My work seems either inane, insane, or both, probably both. It exemplifies doing the same thing and expecting different results, for I seem to follow the same damned process whatever I do. Not precisely the same steps, but viewed from a certain distance or altitude, it includes similar stages: from not knowing to finally dispatching, the flow varies little. Sure, the results seem different every time. This story never existed before this moment and will never appear in anything near to this form again. I do not plagiarize from myself, not yet, anyway. However, I can imagine a day when, steadfastly focusing on my rut, I invent an utterly unoriginal story, a mimeographed copy of some earlier one. This could happen, if only due to the similarities in my process.

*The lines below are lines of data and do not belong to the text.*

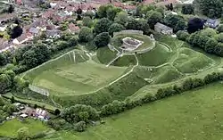 A fortified, planned settlement was built alongside the castle around this time.[21] The small community was not quite a proper town and was effectively dependent on the castle; such settlements are sometimes called burgus settlements or "castle-gate" towns.[22] The historians Oliver Creighton and Robert Higham suggest the settlement's earthwork defences and stone walls resemble an "enormous outer bailey" of the castle, rather a more conventional set of town walls.[23] The walled settlement would have formed an important symbol of William's lordship.[24]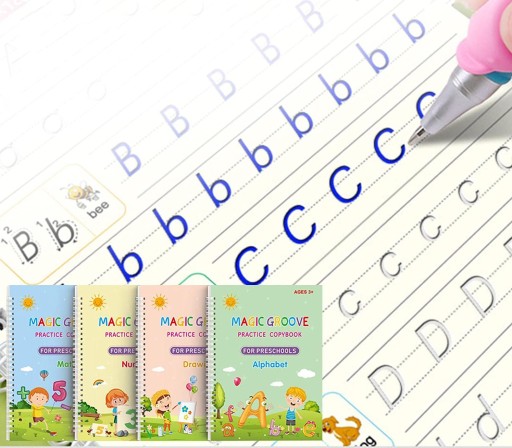 - ✔ 4 książki do nauki pisma odręcznego (alfabet + numery + matematyka + rysunek)
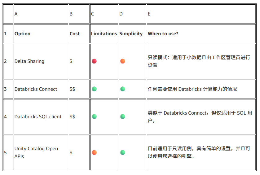 Databricks 提供了多种数据共享的方式,下面是一个列表,我们可以根据自己的需求来进行选择.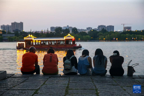7月18日,在山東省濟(jì)南市大明湖景區(qū),市民游客在休閑游玩,觀賞夜景。(新華社發(fā) 郝鑫城 攝)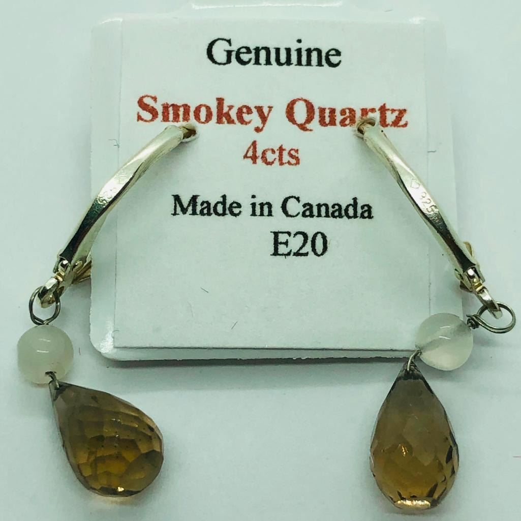 Silver Smokey Quartz(4ct) Earrings, Made in Canada, Suggested Retail Value $100
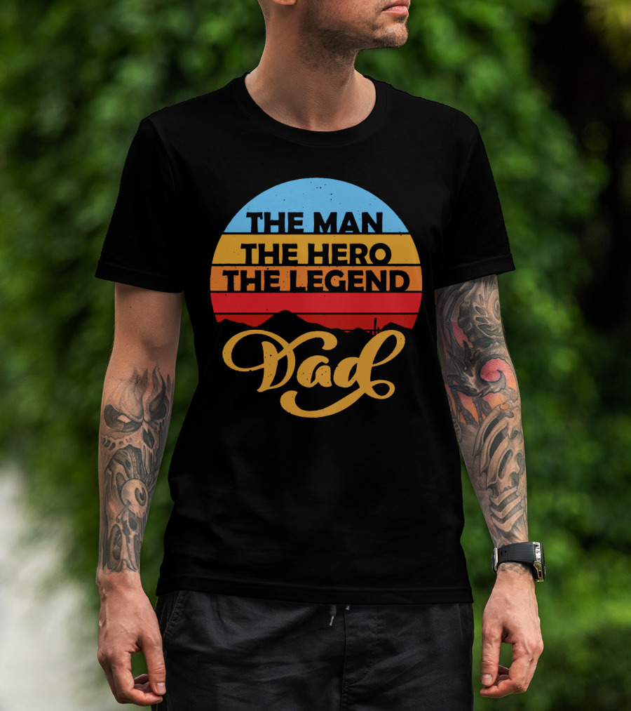 The The Man The Hero The Legend Dad Retro T-shirt is designed for everyday wear and a consistent fit. Fabric is pre-shrunk ring-spun cotton with durable stitching. See the size chart below for exact measurements.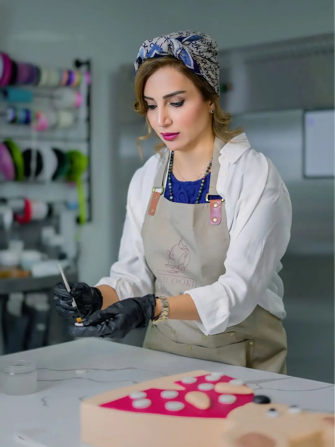 او در یک آشپزخانه مجهز به تجهیزات حرفهای برای پخت و تهیه کیک و شیرینی، کیک تولد خود را خودش تهیه کرده است.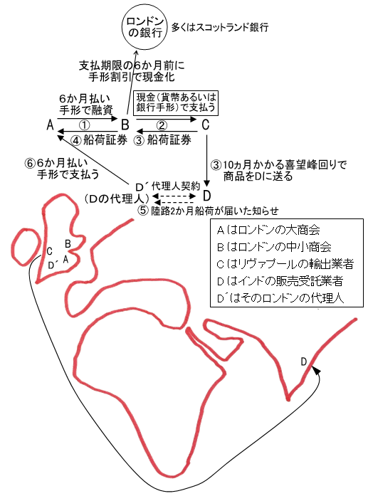 リヴァプールの輸入業者Aはインドの綿花輸出業者のロンドンの代理人Bに綿花を注文する注文書を(3枚複写で1枚はAの手元に、2枚をBに)出す。Bは注文書を(1枚は手もとおいて)陸路2か月でインドのBの本店に送る。インドのBの本店は綿花を船積みし、船荷証券とともに納品書を(3枚複写で1枚はBの本店の手元に、2枚をリヴァプールの代理人Bに)送る。リヴァプールの代理人Bは納品書(1枚手もとにおいて)と船荷証券をもって輸入業者Aを訪れ、Bが受取人で10か月後が満期の自己受け手形にAの引受署名をしてもらう(Bが手形を振り出す)。Aはその8か月後(喜望峰経由の海路は10か月かかるものとする)にリヴァプールに到着した船から、船荷証券と引き換えに綿花を受け取り、手形が満期になる2か月後までに綿花市場で売りさばいて利益を上げる。輸入業者Aとインドの綿花業者のロンドンの代理人Bはともにロイヤル・バンク・オブ・リヴァプール(以下RBLと略す)に当座預金口座を持っていて、Aは手形が満期になる前に自分の口座に売上金を現金で入金する。Bは手形が満期になってから手形をRBLに持ち込んでAの口座からBの口座に振り替えれもらう。Bが満期前に手形をRBLに持ち込めば、RBLは割り引いて(利子を取って)Bの口座に「前貸し」する。BがRBLに口座を持ってなければ、RBLはBに貨幣を渡すことになる。Aのような輸入業者はは、インドの綿花のほかに例えばブラジルのコーヒー豆、アメリカの良質な綿花、カナダのメープルシロップ、西インドのインディゴなども同じように輸入していて、それらの代理人たちによってA引受の手形がRBLに持ち込まれました。

Creativity turns out to be different from what it promised.
It rarely seems to birth anything genuinely sparkling. Most results seem dun-colored at birth, though some turn more sparkling in use. I'm learning not to expect always to be learning from my experience. Some work comes as almost mindless repetition, effort expended to stay in the game if not very focused upon winning. It's primarily vig rather than investment. It's sunk cost expecting no return, time burnt in the process, a fire set for light and warmth rather than anything everlasting, yet the product lives far beyond its instant of creation. The residue becomes a storage problem. It needs indexing or something, offering no immediate utility or use. It is as if it is a was, an accomplishment with no clear attachment going forward. It might be nothing more than a backward glance.

Inane, insane, or both, probably both. I've tied up my self-worth in my work. If I don't write, I suffer, so I suffer to write, an avoidance tactic that works precisely as well as every other avoidance tactic. One naturally receives more of anything one actively avoids; it's the universal joke. We actively deceive ourselves that it's ever been different. Who suspected that the universe had such a perverse sense of humor? We each live to learn this lesson if no other. Life's too awfully serious to take too awfully seriously. Each profession eventually becomes a parody of itself, and it was supposed to be this way, apparently pre-ordained. Once one figures out the angles and the approaches; the effort becomes almost ninety percent rote. Then it becomes a joke, though not necessarily either a humourous or a tragic one. I chuckle in recognition. How else should anyone respond?

Life seems both tragic and not, a false dichotomy, a paradox. It seems to insist upon everyone seeking forward progress, then robs us of the means to meaningfully measure our success. We address this shortcoming by becoming something different than we imagined we might. We take flight before landing somewhere else. Somewhere else turns out to be where we would have wanted to be had we not been powerless to choose. This universe holds so damned many tricks up her sleeves that she cannot pass through even the more cursory TSA checkpoints, so she routinely misses flights. She was already there before she left, so on that level, her absence never mattered. She was already everywhere she could have possibly ever been, yet even she seemed to keep moving and sometimes go missing. This universe, too, seems inane, insane, or both. I think it a good thing we washed up on this shore rather than any other.